Overexpression of SRP-35 and atRA increase AktS473 phosphorylation
Activation of Akt is due to phosphorylation of Thr308 and Ser473 by phosphinositide-dependent protein kinase 1 (PDK1) and mTORC2, respectively31,33,38. Overexpression of SRP-35 in skeletal muscle selectively increases the phosphorylation of the mTORC2-dependent Akt phosphorylation site AktS473 and this occurred both in isolated EDL and soleus muscles from SRP35TG in the presence and absence of insulin. This implies that: (i) chronic over-expression of SRP35 in skeletal muscle increases the basal AktS473 phosphorylation level, and (ii) the atRA generated by the irreversible oxidation all-trans-retinaldehyde, acts as a co-activator of the insulin signaling pathway leading to AktS473 phosphorylation. This conclusion is also supported by a separate set of data showing that atRA mimics the effect of SRP-35 overexpression. Indeed, treatment of EDL muscles from WT mice with pharmacological concentrations of atRA enhanced insulin-induced AktS473 phosphorylation levels. At variance with what was observed in EDL muscles isolated from SRP35TG mice however, incubation of EDL from WT mice with atRA in the absence of insulin did not result in AktS473 phosphorylation. Our results differ from those showing that in a variety of cells types including A549, F9 and HL-60 cells, atRA alone is able to induce Akt phosphorylation39–41. These apparent discrepancies may be due to: (i) different experimental models, cofactors and proteins present in the cell culture medium;42 (ii) the lack in the EDL from WT mice of the adaptive changes induced by SRP-35 over-expression leading to an alteration of the atRA level within a subdomain of the muscle fibre. Nevertheless the present study demonstrates that atRA plays a newly identified role in the modulation of cellular functions downstream AktS473 phosphorylation, including glucose metabolism.

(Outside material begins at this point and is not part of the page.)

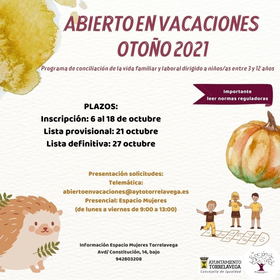 El Ayuntamiento de Torrelavega abrirá desde este miércoles 6 al lunes 18 de octubre el plazo de inscripción al programa de conciliación de la vida familiar y laboral 'Abierto en Vacaciones: Otoño 2021', que se desarrollará del 2 al 5 de noviembre, de martes a viernes.
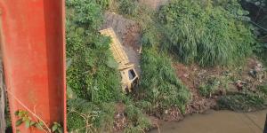 Sebuah truk bermuatan pasir dilaporkan terperosok ke bawah jembatan di Jalan Raya Cisauk Lapan, Kecamatan Cisauk, Kabupaten Tangerang, Senin 20 Oktober 2025, pagi.

SRP-35 and atRA activate mTORC2 signaling
Under physiological conditions mTORC2 is the major kinase responsible for the phosphorylation of AktS47331. In the presence of DNA damage Akt can also be phosphorylated at Ser473 by DNA-dependent protein kinase (DNA-PK)43. Skeletal muscle fibres from SRP35TG mice do not show evidence of nuclear damage (not shown) and thus we exclude the possibility that AktS473 phosphorylation is mediated by DNA-PK. In fact our results on RImKO mice strongly support the participation of mTORC2 in the SRP-35/atRA signaling pathway. In the present study we show that atRA is unable to reverse the inhibitory effect of Rictor ablation on the phosphorylation levels of AktS47 in insulin stimulated skeletal muscles34. This result provides unambiguous evidence that mTORC2 activation is a key component of SRP-35/atRA signaling.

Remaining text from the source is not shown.